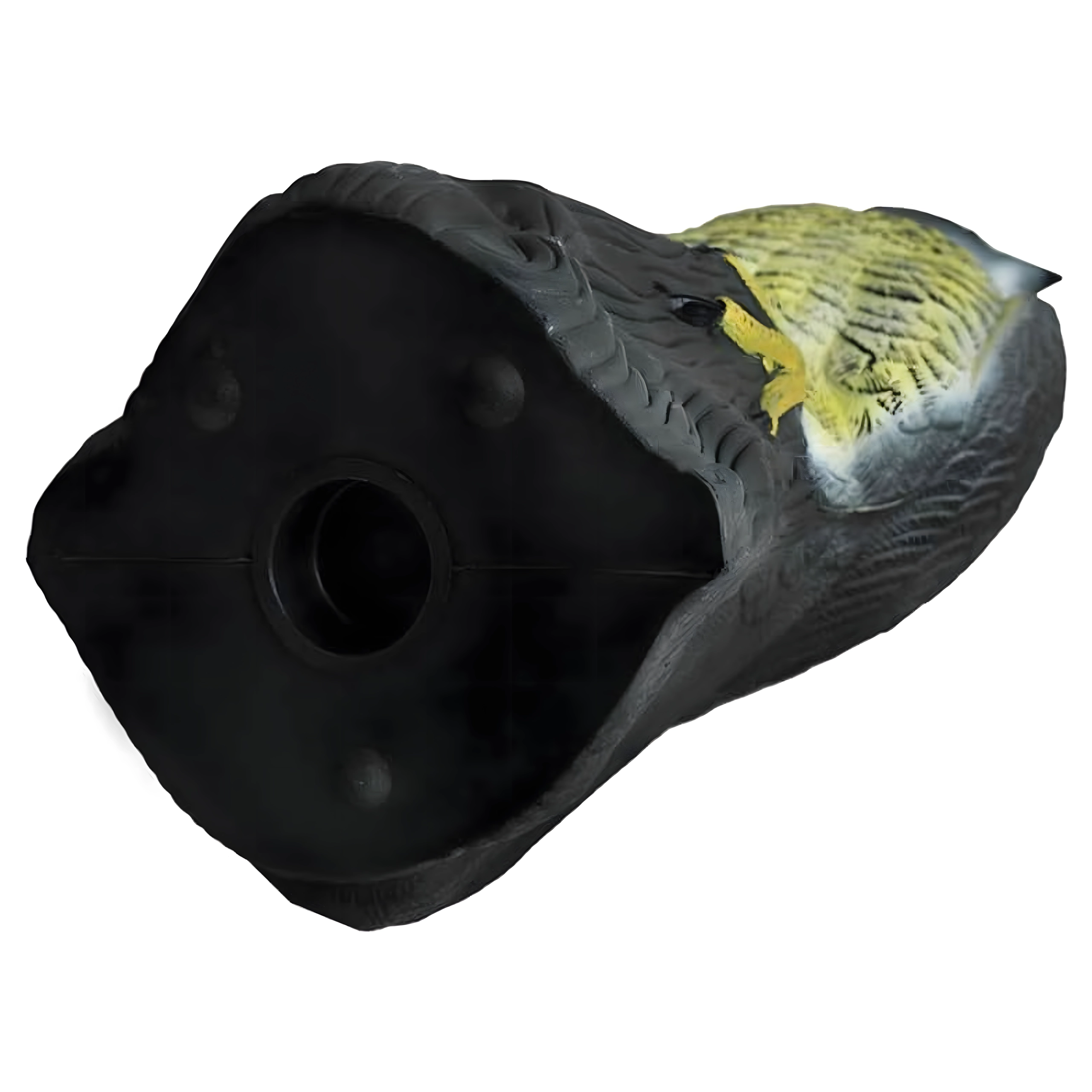 La finta è realizzata in plastica resistente, adatta all’uso esterno tutto l’anno. La base stabile consente un facile posizionamento su superfici piane (davanzali, ringhiere, tetti, terrazze, serre, aiuole). Per la massima efficacia, spostatela occasionalmente in un altro punto, in modo che gli uccelli non si abituino alla sua presenza.
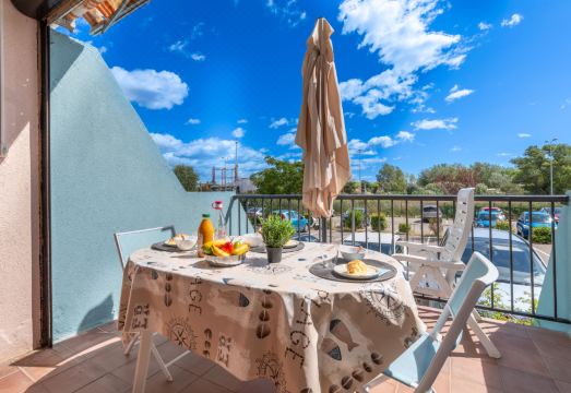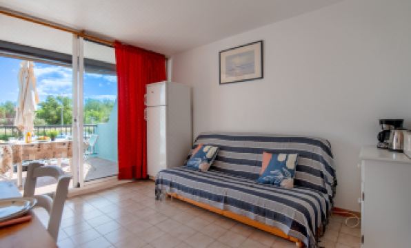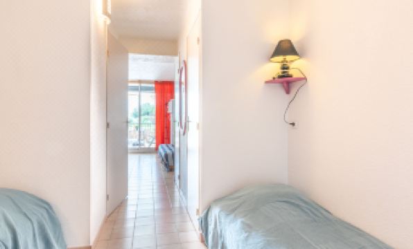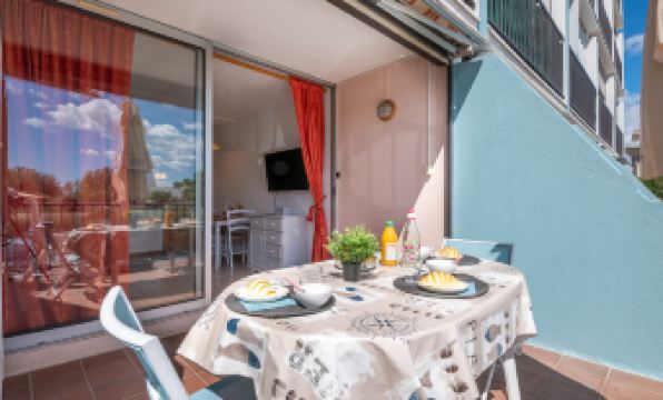 Residence "Le Lagon Bleu", 4 storeys. In the district of le Palais de la Mer 2 km from the centre of le Grau du Roi, 700 m from the sea, 650 m from the beach. For shared use: swimming pool round (seasonal availability: 15.Jun. - 15.Sep.). In the complex: lift. Shop, restaurant 300 m, bus stop "HLM" 750 m, railway station 2 km, sandy beach "Nord" 800 m, outdoor swimming pool 2.1 km, thermal baths "Thalazur" 4.5 km. Nearby attractions: Casino Flamand 800 m, Seaquarium 1.4 km, Arènes Grau du Roi 3.2 km, Aigues Mortes 8.5 km, La Grande Motte 12 km, Nîmes 52 km. Hiking paths: Reserve Naturelle De Camargue. Please note: the keys‘ handover takes place by the agency Interhome in Port Camargue, 2 km. Main road close by. Airfield 25 km from the property. "Le Lagon Bleu", 1-room studio 27 m2, on the ground floor. Beautiful furnishings: living/dining room with 1 double sofabed (140 cm, length 200 cm), TV (flat screen). Entrance hall with 1 sofabed (120 cm, length 190 cm). Kitchenette (2 ceramic glass hob hotplates, toaster, kettle, microwave, freezer, electric coffee machine). Shower, sep. WC. Terrace 10 m2, south facing position. Terrace furniture. Facilities: Internet (WiFi, extra). Please note: no parking. Maximum 1 pet/ dog allowed. Smoke alarm. Offer by a private individual according to Art. 155, IV of CGI.
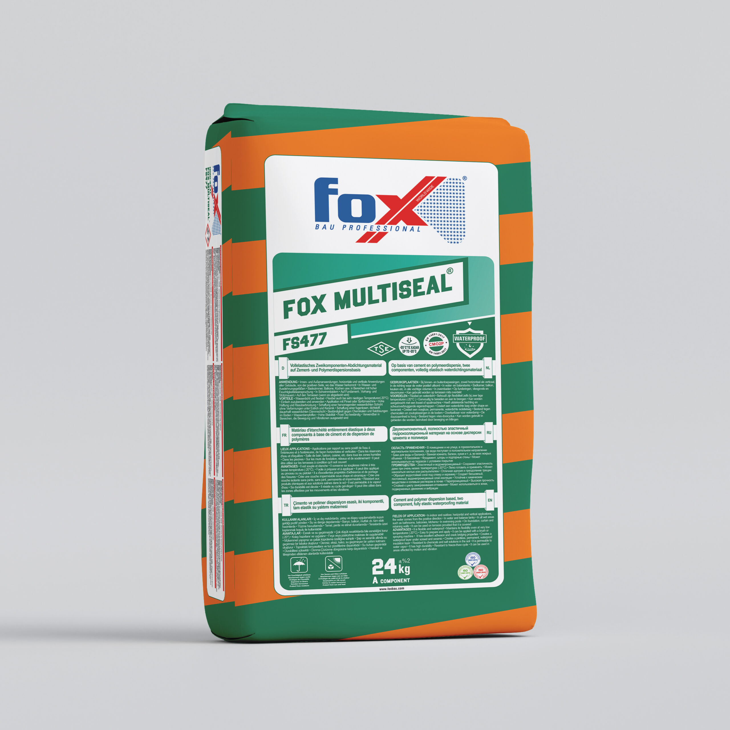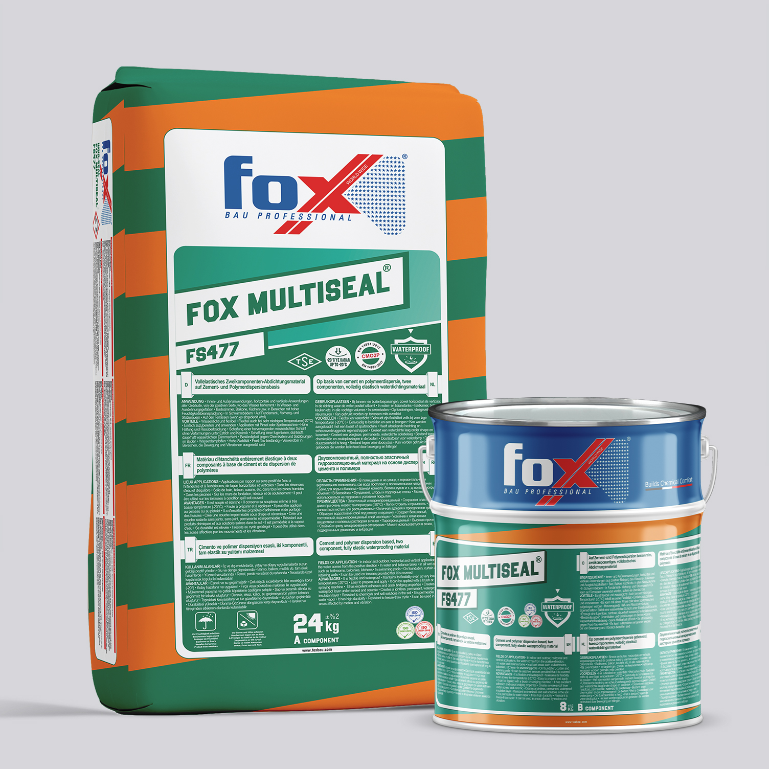FOX MULTISEAL® FS477, Çimento ve Polimer dispersiyon esaslı, iki komponentli, çok düşük sıcaklıkta (-20°C) çatlak köprüleme özelliğine sahip, klorlu suya karşı dirençli, her türlü betonarme yüzey ve çimento esaslı sıvalar için dizayn edilmiş tam elastik su yalıtım malzemesidir.
+--
The task -
Drop the pictures and set down the data above exactly.

Answer for this exercise -
 La finta è realizzata in plastica resistente, adatta all’uso esterno tutto l’anno. La base stabile consente un facile posizionamento su superfici piane (davanzali, ringhiere, tetti, terrazze, serre, aiuole). Per la massima efficacia, spostatela occasionalmente in un altro punto, in modo che gli uccelli non si abituino alla sua presenza.
 Residence "Le Lagon Bleu", 4 storeys. In the district of le Palais de la Mer 2 km from the centre of le Grau du Roi, 700 m from the sea, 650 m from the beach. For shared use: swimming pool round (seasonal availability: 15.Jun. - 15.Sep.). In the complex: lift. Shop, restaurant 300 m, bus stop "HLM" 750 m, railway station 2 km, sandy beach "Nord" 800 m, outdoor swimming pool 2.1 km, thermal baths "Thalazur" 4.5 km. Nearby attractions: Casino Flamand 800 m, Seaquarium 1.4 km, Arènes Grau du Roi 3.2 km, Aigues Mortes 8.5 km, La Grande Motte 12 km, Nîmes 52 km. Hiking paths: Reserve Naturelle De Camargue. Please note: the keys‘ handover takes place by the agency Interhome in Port Camargue, 2 km. Main road close by. Airfield 25 km from the property. "Le Lagon Bleu", 1-room studio 27 m2, on the ground floor. Beautiful furnishings: living/dining room with 1 double sofabed (140 cm, length 200 cm), TV (flat screen). Entrance hall with 1 sofabed (120 cm, length 190 cm). Kitchenette (2 ceramic glass hob hotplates, toaster, kettle, microwave, freezer, electric coffee machine). Shower, sep. WC. Terrace 10 m2, south facing position. Terrace furniture. Facilities: Internet (WiFi, extra). Please note: no parking. Maximum 1 pet/ dog allowed. Smoke alarm. Offer by a private individual according to Art. 155, IV of CGI.
FOX MULTISEAL® FS477, Çimento ve Polimer dispersiyon esaslı, iki komponentli, çok düşük sıcaklıkta (-20°C) çatlak köprüleme özelliğine sahip, klorlu suya karşı dirençli, her türlü betonarme yüzey ve çimento esaslı sıvalar için dizayn edilmiş tam elastik su yalıtım malzemesidir.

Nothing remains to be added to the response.